• _EXERCISE PROMPT_:
Transcribe every entry word for word. Skip the pictures.

[Extracted records]
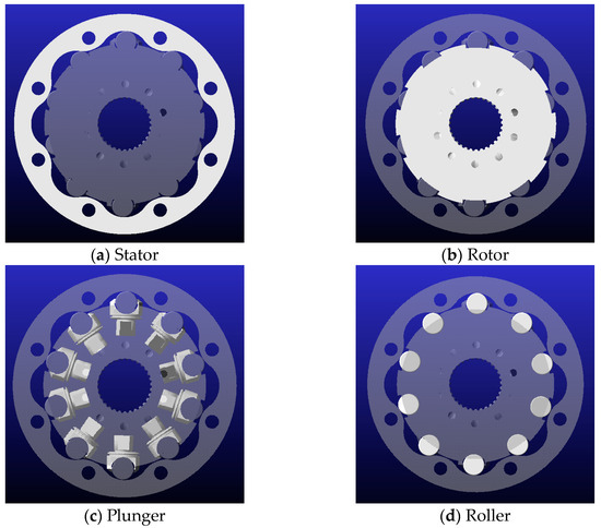 In other areas, valuable research exists. Hui Shen et al. [21] established a dynamic model of axial piston pumps to study piston motion under different conditions, analyzing the effects of the hydraulic pressure, piston radius, and radial clearance on the forward displacement, contact radius, maximum contact pressure, and other aspects. Junhui Zhang et al. [22] proposed a neural network model for assessing noise in axial piston pumps. Gautham Ramchandran et al. [23] investigated a novel numerical method to simulate the physical processes of piston operation within radial piston pumps. Daniel Nilsson et al. [24] conducted extensive testing on hydraulic motor extreme conditions, presenting three stages of motor stalling. Lifu Cheng et al. [25] compared the fatigue characteristics of composite materials and high-strength structural steel, confirming that composite materials can replace traditional steel in hydraulic motors.
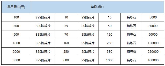 在活动期间, 游戏单日累充达到指定金额,即可在3个奖励中任选其一。指挥官可在本帖下回复区服+角色名称以及需要的奖励内容(SSS阶碎片/SS阶碎片/精炼石),我们会统计您在活动期间的充值, 为您发放活动奖励。您也可以加入前方高能Q群(具体方式请查看游戏内邮件),将您的个人信息以及奖励内容反馈至群管理,以便我们发放活动奖励!
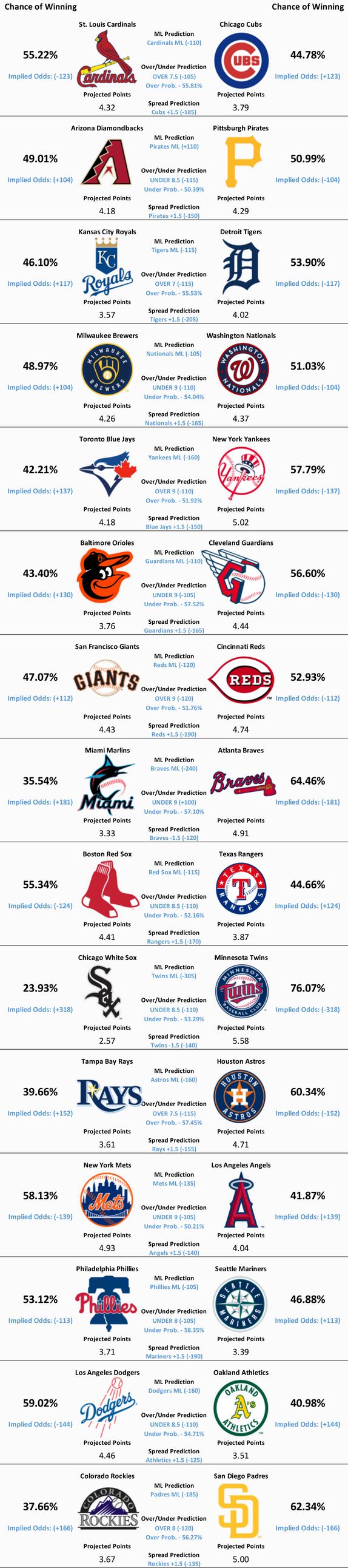MLB Model Predictions, Analysis, Trends, and News
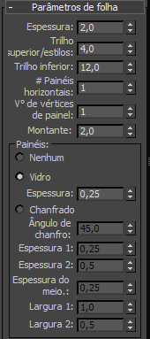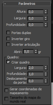 Esse grupo tem controles para a estrutura de porta-batente. Apesar de parte do objeto da porta, o quadro se comporta como se fosse uma parte da parede. Ela não se move quando você abre ou fecha a porta.
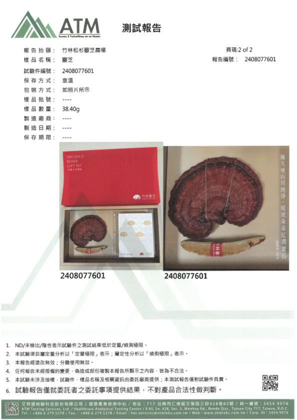 - 檢驗項目:總三萜類, 菇蕈類重金屬-鉛鎘
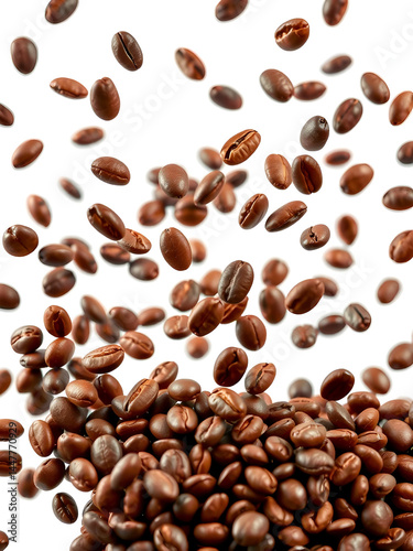 © Rebekah, Naklejka premium Coffee beans falling in the air isolated on a white background. Coffee beans flying.

• _ANSWER SECTION_:
 In other areas, valuable research exists. Hui Shen et al. [21] established a dynamic model of axial piston pumps to study piston motion under different conditions, analyzing the effects of the hydraulic pressure, piston radius, and radial clearance on the forward displacement, contact radius, maximum contact pressure, and other aspects. Junhui Zhang et al. [22] proposed a neural network model for assessing noise in axial piston pumps. Gautham Ramchandran et al. [23] investigated a novel numerical method to simulate the physical processes of piston operation within radial piston pumps. Daniel Nilsson et al. [24] conducted extensive testing on hydraulic motor extreme conditions, presenting three stages of motor stalling. Lifu Cheng et al. [25] compared the fatigue characteristics of composite materials and high-strength structural steel, confirming that composite materials can replace traditional steel in hydraulic motors.
 在活动期间, 游戏单日累充达到指定金额,即可在3个奖励中任选其一。指挥官可在本帖下回复区服+角色名称以及需要的奖励内容(SSS阶碎片/SS阶碎片/精炼石),我们会统计您在活动期间的充值, 为您发放活动奖励。您也可以加入前方高能Q群(具体方式请查看游戏内邮件),将您的个人信息以及奖励内容反馈至群管理,以便我们发放活动奖励!
MLB Model Predictions, Analysis, Trends, and News
 Esse grupo tem controles para a estrutura de porta-batente. Apesar de parte do objeto da porta, o quadro se comporta como se fosse uma parte da parede. Ela não se move quando você abre ou fecha a porta.
 - 檢驗項目:總三萜類, 菇蕈類重金屬-鉛鎘
 © Rebekah, Naklejka premium Coffee beans falling in the air isolated on a white background. Coffee beans flying.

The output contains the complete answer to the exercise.